We present a coarse-to-fine approach based teleoperation system taking into consideration the common network limitation in long range telerobotic control: low bandwidth and high latency. The ‘coarse’ part includes a coarse estimation of the remote scene and a controller for large movements. The ‘fine’ part includes an IBVS [chaumette2006visual] controller for fine motions, which compensates errors in the coarse part by minimizing errors in image space. Only sparse points, an target image and two task commands are transmitted via the network, thus removing the low bandwidth challenge. The robot side autonomous controller removes the high latency challenge. Experiments are designed to showcase our methods ability in such network conditions.

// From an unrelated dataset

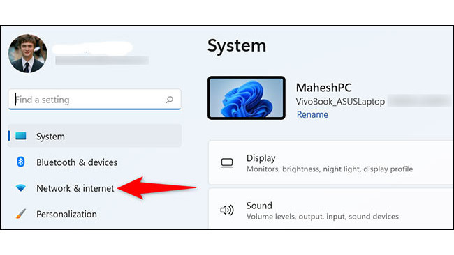 Trên giao diện Settings hiện ra, bạn nhìn sang danh mục bên trái và bấm chọn mục “Network & Internet”.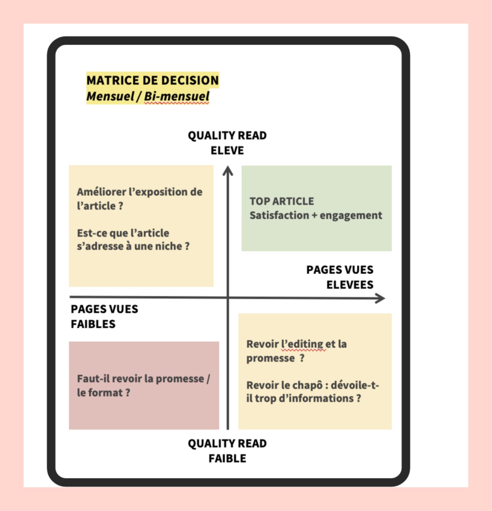 Utilisez des indicateurs comme l’indice RFV (récence, fréquence, volume) pour mesurer l’intérêt des lecteurs. L’Equipe ajuste cet indice en intégrant des valeurs sociétales (pour ne pas sabrer trop vite les fameux articles fantômes). Les Echos eux, ont créé leur propre panel (4000 personnes) qu’ils interrogent pour adapter leurs produits. Ils mesurent aussi la profondeur de lecture grâce à un tracker qui évalue le défilement des pages et le temps passé. Ce, pour modifier l’édition des articles en temps réel ou améliorer les formats à long terme.

Limitations and future work: We use Orb-SLAM [mur2017orb] to generate map points. However, this feature based method relies highly on rich image textures. In scenarios with a lack of image textures, direct methods (e.g., LSD SLAM [engel2014lsd]) can be used. However, for poor illumination scenarios (e.g., space missions), both of these methods will not perform well. Furthermore, a pure coarse 3D model based telepresence may still cause human understanding difficulties. Generating denser map points may help, however, it consumes a larger network cost. The second limitation comes from our fine manipulation controller: IBVS [chaumette2006visual], which relies on trackers to estimate error in image space. This is a typical challenge in visual servoing. Several approaches are proposed, e.g., direct visual servoing [silveira2012direct], however new challenges arise [bateux2018going]. Other learning based methods [jin2018robot], [levine2016end] could be a future direction.

We are planning to deploy our system on a mobile manipulator. Combined with a motion planning module, our system can work for tasks requiring both self-navigation and manipulation, enhancing application potential in remote facility maintenance tasks, offshore oil rig operations and space missions.